SparkCore:RDD Persistence持久化策略, persist和cache算子

文章目录

    • 1、RDD Persistence介绍
    • 2、persist()和cache()算子
      • 2.1 cache底层源码
      • 2.2 StorageLevel
      • 2.2 StorageLevel使用
      • 2.3 StorageLevel如何选择
      • 2.4 RDD.unpersist()移除缓存数据

官网:RDD Persistence
http://spark.apache.org/docs/latest/rdd-programming-guide.html#rdd-persistence

1、RDD Persistence介绍

  • One of the most important capabilities in Spark is persisting (or caching) a dataset in memory across operations.When you persist an RDD, each node stores any partitions of it that it computes in memory and reuses them in other actions on that dataset (or datasets derived from it).This allows future actions to be much faster (often by more than 10x). Caching is a key tool for iterative algorithms and fast interactive use.
    Spark中最重要的功能之一是跨操作在内存中持久化(或缓存)数据集。当您持久化一个RDD时,每个节点将它计算的任何分区存储在内存中,并在action数据集时重新使用它们。这使得将来的操作要快得多(通常超过10倍)。缓存是迭代算法和快速交互使用的关键工具。

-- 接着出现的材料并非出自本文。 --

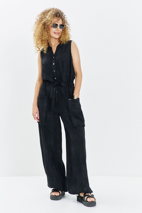 Комбинезон летний свободного кроя , оверсайз не сковывает движений, создавая вокруг вас облако легкости. Акцентная планка с застежкой на кнопки по всей длине переда визуально вытягивает рост, добавляя образу стройности и динамики. Горловина - округлая с плосколежащей стойкой.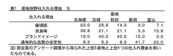 - 卸企業の米を仕入れる理由は「良食味」が最も多く、次いで「値頃感」、「通年的な品質の安定性」、「ブランドイメージ」があげられ、この理由と産地には密接な関係があった(図1)。

  • You can mark an RDD to be persisted using the persist() or cache() methods on it. The first time it is computed in an action, it will be kept in memory on the nodes. Spark’s cache is fault-tolerant – if any partition of an RDD is lost, it will automatically be recomputed using the transformations that originally created it.
    您可以在RDD上使用persist()或cache()方法来标记要持久化的RDD。第一次在操作中计算它时,它将保存在节点的内存中。Spark的缓存是容错的——如果RDD的任何分区丢失,它将使用最初创建它的转换自动重新计算。

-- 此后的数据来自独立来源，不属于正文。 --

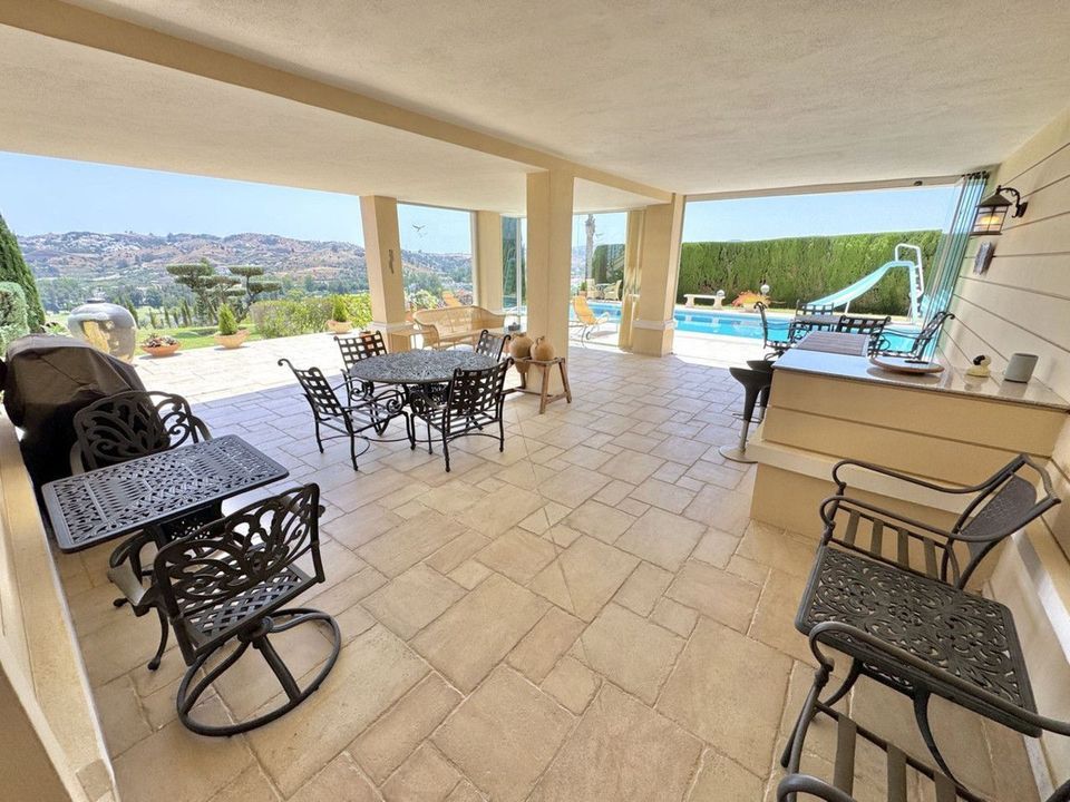 AANBIEDING (enorme prijsverlaging) Spectaculaire villa met 6 slaapkamers, plus een zelfstandig appartement met 2 slaapkamers. Beide bieden een fantastisch uitzicht op de golfbaan, de bergen en de zee. Groot en indrukwekkend huis op een verhoogd perceel van 1703 m² met prachtige luxe woon- en entertainmentruimtes. Prijs verlaagd voor een snelle verkoop. U vindt simpelweg geen indrukwekkendere villa dan deze voor minder dan 2,5 miljoen euro in het westen van de Costa del Sol.

scala> val lines = sc.textFile("hdfs://192.168.137.130:9000/test.txt")
scala> lines.cache

此时打开UI,是没有任何Job产生的,在Storage中也看不到持久化的数据

scala> lines.collect
res1: Array[String] = Array(hello spark, hello mr, hello yarn, hello hive, hello spark)

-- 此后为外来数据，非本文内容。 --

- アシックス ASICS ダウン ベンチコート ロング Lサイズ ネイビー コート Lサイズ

当遇到action时才会产生Job,然后查看Storage发现持久化了刚才的文件数据,并且100%持久化在内存中,这说明cache()是lazy的,当然他不属于transformer算子
SparkCore:RDD Persistence持久化策略, persist和cache算子_第1张图片
SparkCore:RDD Persistence持久化策略, persist和cache算子_第2张图片

2、persist()和cache()算子

2.1 cache底层源码

查看cache()源码,cache底层调用的是persist(),默认storage level (MEMORY_ONLY)

 /**
   * Persist this RDD with the default storage level (`MEMORY_ONLY`).
   */
  def cache(): this.type = persist()
 /**
   * Persist this RDD with the default storage level (`MEMORY_ONLY`).
   */
  def persist(): this.type = persist(StorageLevel.MEMORY_ONLY)

2.2 StorageLevel

/**
 * Various [[org.apache.spark.storage.StorageLevel]] defined and utility functions for creating
 * new storage levels.
 */
object StorageLevel {
  val NONE = new StorageLevel(false, false, false, false)
  val DISK_ONLY = new StorageLevel(true, false, false, false)
  val DISK_ONLY_2 = new StorageLevel(true, false, false, false, 2)
  val MEMORY_ONLY = new StorageLevel(false, true, false, true)
  val MEMORY_ONLY_2 = new StorageLevel(false, true, false, true, 2)
  val MEMORY_ONLY_SER = new StorageLevel(false, true, false, false)
  val MEMORY_ONLY_SER_2 = new StorageLevel(false, true, false, false, 2)
  val MEMORY_AND_DISK = new StorageLevel(true, true, false, true)
  val MEMORY_AND_DISK_2 = new StorageLevel(true, true, false, true, 2)
  val MEMORY_AND_DISK_SER = new StorageLevel(true, true, false, false)
  val MEMORY_AND_DISK_SER_2 = new StorageLevel(true, true, false, false, 2)
  val OFF_HEAP = new StorageLevel(true, true, true, false, 1)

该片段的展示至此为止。